On 15 Apr 2014, at 1:46, Gerd Knops wrote:

I don't think ARC relies on method naming. Pre-ARC those conventions were important and flagged by the analyzer, but ARC works differently.

From http://clang.llvm.org/docs/AutomaticReferenceCounting.html#method-families

| A selector is in a certain selector family
| if, ignoring any leading underscores, the
| first component of the selector either
| consists entirely of the name of the method
| family or it begins with that name followed
| by a character other than a lowercase
| letter.

The method families with special semantics are: alloc, copy, mutableCopy, new, and init.

That said, it is also possible to use annotation to specify a method family. But by default (no annotation) it’s based on naming convention.
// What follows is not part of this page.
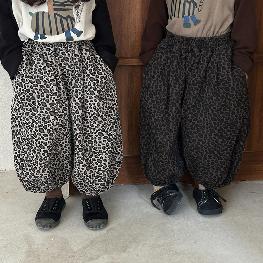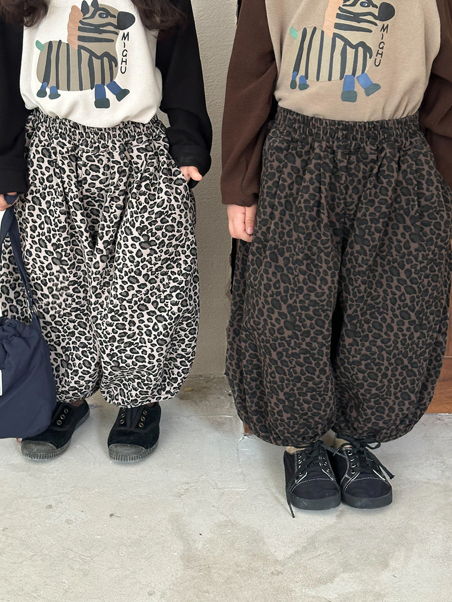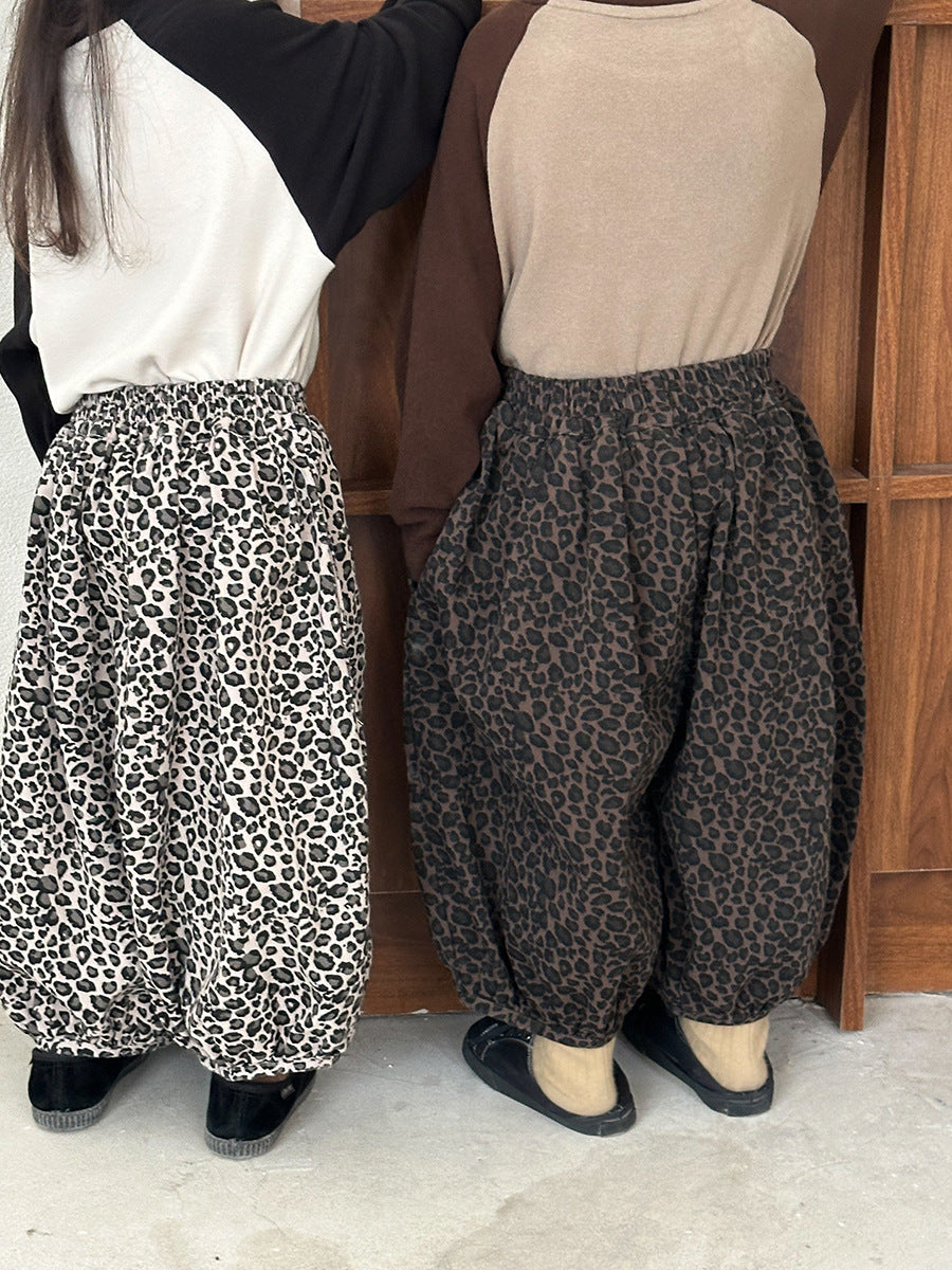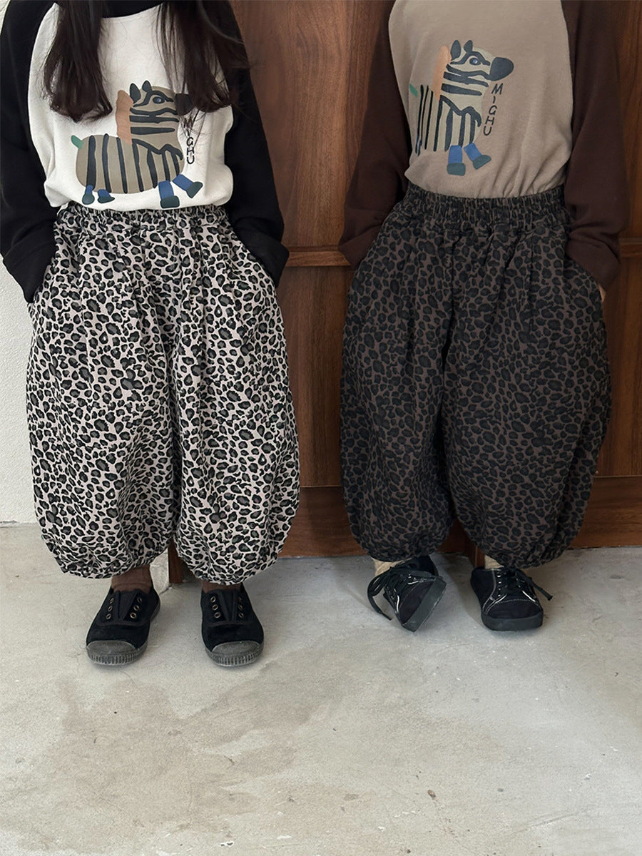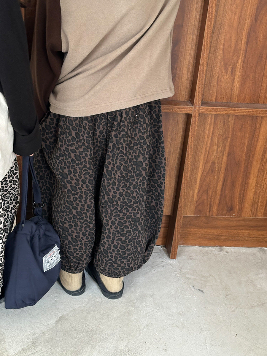 どこかレトロな雰囲気が漂う、個性的なヒョウ柄バルーンパンツ。

BTW I am not sure that a general purpose could offer that close of an integration with the compiler as Xcode has with clang.

Right, to know the proper compiler flags to use in a given situation, TextMate would pretty much have to force a build system on you, either custom or reverse-engineer Xcode project files, both are bad long-term strategies, and both are making TextMate a lot less general purpose…

But there are things we could use libclang for (to improve things in {Objective-}C{++} land), it’s an item on my list, but it’d probably have limited effect on people who use TextMate over Xcode, and given that my own desires in this regard are rather limited, there are probably many other improvements that it would be better to spend resources on.